The National Aeronautics and Space Administration (NASA) is an independent agency by the US government with the mandate to conduct aerospace and aeronautics research and run the civilian space program, the International Space Station (ISS). Specifically, NASA establishes risk management processes, goals, and policies for the ISS, which are then implemented in conjunction with other international partners including member nations of the European Space Agency (ESA), Russia, Japan, and Canada. ISS is a space environment and microgravity research laboratory with researchers conducting studies in different fields, such as astronomy, physics, and human biology, among other related areas. ISS is both a pragmatically and technically complex system, as it is designed to support different payloads and missions. Additionally, it is launched via numerous launch packages, which are assembled and operated from a space where the environment is harsh. Therefore, given the nature of its operations, ISS faces many risks that should be evaluated and mitigated. The primary purpose of risk management is to identify threats and risks in a certain program early enough to develop and implement preventive measures to reduce the probability of such risks occurring in the future. This paper discusses ISS’s risk profile, identifies enterprise risk management (ERM) systems in place, and analyzes its corporate governance and the impact of all stakeholders on the risk management process.

ISS’s Risk Profile

ISS is faced with various threats and risks, which could be classified into three major categories: i) those that could cause the destruction of the Station, ii) risks that could compromise the health of the crewmembers, and iii) threats that could lead to the premature abandonment of the ISS program.

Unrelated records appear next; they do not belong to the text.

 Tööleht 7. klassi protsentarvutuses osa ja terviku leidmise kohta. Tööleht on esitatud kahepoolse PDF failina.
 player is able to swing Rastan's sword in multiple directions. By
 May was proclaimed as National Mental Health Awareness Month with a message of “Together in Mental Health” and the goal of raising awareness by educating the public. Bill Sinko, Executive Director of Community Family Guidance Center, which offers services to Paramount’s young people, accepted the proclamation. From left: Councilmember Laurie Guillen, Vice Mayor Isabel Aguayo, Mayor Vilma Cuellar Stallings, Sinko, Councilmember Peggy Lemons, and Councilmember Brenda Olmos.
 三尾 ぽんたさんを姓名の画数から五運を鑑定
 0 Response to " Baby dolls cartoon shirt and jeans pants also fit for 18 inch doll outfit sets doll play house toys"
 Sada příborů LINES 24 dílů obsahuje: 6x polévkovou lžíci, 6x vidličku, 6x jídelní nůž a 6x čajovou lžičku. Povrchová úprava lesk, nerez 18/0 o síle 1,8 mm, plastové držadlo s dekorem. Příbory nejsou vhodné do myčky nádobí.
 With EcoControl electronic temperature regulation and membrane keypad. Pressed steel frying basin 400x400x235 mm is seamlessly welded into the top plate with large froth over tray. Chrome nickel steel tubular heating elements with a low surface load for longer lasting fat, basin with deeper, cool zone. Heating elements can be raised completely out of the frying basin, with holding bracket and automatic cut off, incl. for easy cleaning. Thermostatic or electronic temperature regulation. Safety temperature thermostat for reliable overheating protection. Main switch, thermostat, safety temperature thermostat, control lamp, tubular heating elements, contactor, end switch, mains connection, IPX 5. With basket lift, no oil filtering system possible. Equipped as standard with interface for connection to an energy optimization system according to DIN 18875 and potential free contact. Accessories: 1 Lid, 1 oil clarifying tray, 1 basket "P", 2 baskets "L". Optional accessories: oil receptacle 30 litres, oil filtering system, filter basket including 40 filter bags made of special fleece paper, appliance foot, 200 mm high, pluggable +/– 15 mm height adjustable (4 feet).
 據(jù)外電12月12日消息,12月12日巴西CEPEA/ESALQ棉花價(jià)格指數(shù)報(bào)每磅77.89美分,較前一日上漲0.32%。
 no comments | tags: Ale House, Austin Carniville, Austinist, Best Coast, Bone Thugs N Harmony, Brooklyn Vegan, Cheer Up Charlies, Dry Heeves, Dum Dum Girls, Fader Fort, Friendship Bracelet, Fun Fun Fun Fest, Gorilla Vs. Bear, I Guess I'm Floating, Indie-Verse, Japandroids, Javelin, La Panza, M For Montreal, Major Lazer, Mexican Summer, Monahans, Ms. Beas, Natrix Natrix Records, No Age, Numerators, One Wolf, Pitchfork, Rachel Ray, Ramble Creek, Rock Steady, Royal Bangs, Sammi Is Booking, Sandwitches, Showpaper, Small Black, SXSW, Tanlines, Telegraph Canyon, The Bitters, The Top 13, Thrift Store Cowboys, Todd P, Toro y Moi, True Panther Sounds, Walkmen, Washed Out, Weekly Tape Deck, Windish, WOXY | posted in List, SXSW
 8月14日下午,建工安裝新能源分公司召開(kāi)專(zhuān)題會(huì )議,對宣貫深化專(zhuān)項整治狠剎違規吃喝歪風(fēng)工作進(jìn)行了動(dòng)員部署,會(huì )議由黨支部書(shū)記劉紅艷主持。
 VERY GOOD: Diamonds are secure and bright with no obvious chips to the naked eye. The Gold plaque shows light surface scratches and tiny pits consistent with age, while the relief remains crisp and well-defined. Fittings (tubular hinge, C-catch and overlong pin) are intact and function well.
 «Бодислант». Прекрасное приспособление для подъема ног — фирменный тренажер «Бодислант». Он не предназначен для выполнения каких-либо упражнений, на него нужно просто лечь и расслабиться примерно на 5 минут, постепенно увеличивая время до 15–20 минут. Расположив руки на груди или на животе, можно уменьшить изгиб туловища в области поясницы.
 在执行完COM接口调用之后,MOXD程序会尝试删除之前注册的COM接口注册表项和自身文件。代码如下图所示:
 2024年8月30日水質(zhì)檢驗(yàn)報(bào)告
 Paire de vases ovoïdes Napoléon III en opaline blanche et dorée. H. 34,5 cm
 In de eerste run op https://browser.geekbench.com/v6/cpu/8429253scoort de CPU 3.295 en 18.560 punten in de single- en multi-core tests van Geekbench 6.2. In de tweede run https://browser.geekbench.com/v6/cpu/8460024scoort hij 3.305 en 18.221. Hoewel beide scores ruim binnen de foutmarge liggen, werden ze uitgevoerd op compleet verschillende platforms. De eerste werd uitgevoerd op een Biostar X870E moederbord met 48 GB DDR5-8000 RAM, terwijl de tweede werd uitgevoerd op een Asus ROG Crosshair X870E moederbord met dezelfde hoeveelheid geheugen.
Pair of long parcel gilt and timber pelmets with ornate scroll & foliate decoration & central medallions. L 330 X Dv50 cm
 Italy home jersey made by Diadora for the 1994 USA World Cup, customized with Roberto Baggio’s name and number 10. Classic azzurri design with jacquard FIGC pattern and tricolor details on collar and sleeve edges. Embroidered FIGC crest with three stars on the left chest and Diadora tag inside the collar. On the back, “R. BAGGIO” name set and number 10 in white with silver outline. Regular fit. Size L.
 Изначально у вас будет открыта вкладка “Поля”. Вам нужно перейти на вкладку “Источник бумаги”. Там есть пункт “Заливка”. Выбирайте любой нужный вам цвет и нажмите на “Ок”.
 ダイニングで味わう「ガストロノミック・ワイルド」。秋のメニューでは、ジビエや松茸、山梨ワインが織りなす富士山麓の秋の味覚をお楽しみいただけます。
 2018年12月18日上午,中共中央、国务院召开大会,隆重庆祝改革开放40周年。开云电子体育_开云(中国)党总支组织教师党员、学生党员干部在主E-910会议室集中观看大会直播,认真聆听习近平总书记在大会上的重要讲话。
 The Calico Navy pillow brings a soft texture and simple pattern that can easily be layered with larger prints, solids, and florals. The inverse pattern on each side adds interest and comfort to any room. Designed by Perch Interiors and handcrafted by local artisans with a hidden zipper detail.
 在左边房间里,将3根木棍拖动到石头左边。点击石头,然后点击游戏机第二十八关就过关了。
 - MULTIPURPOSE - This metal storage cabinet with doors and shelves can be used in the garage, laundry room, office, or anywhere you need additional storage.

ISS Destruction and Loss of Crew

One of the major risks to ISS is the possibility of micrometeoroid and orbital debris (MMOD) penetrating the Station’s critical hardware, such as the pressure wall. This occurrence would cause extensive damage to ISS and harm crewmembers. Additionally, the Station could inadvertently collide with visiting vehicles, other Station Remote Manipulator Systems (RMSs), or robotic arms leading to the loss of life among crewmembers and damage to the ISS (Smith, 2002). The Station is also prone to fire outbreaks, which could originate from different places in the work environment. Similarly, the threat of toxic spills within the Station is a major issue facing ISS. These hazards have a wide array of effects on crewmembers or the system itself, which could contribute significantly to the abandonment of the program. Another major concern is the possibility of catastrophic system failures due to various reasons, such as fire and other related hazards. However, the greatest threats associated with system failure entail critical software and hardware design flaws. The existence and safety of the ISS program rely heavily on the veracity of the hardware and software designs, and thus any compromise to these systems could lead to catastrophic incidents.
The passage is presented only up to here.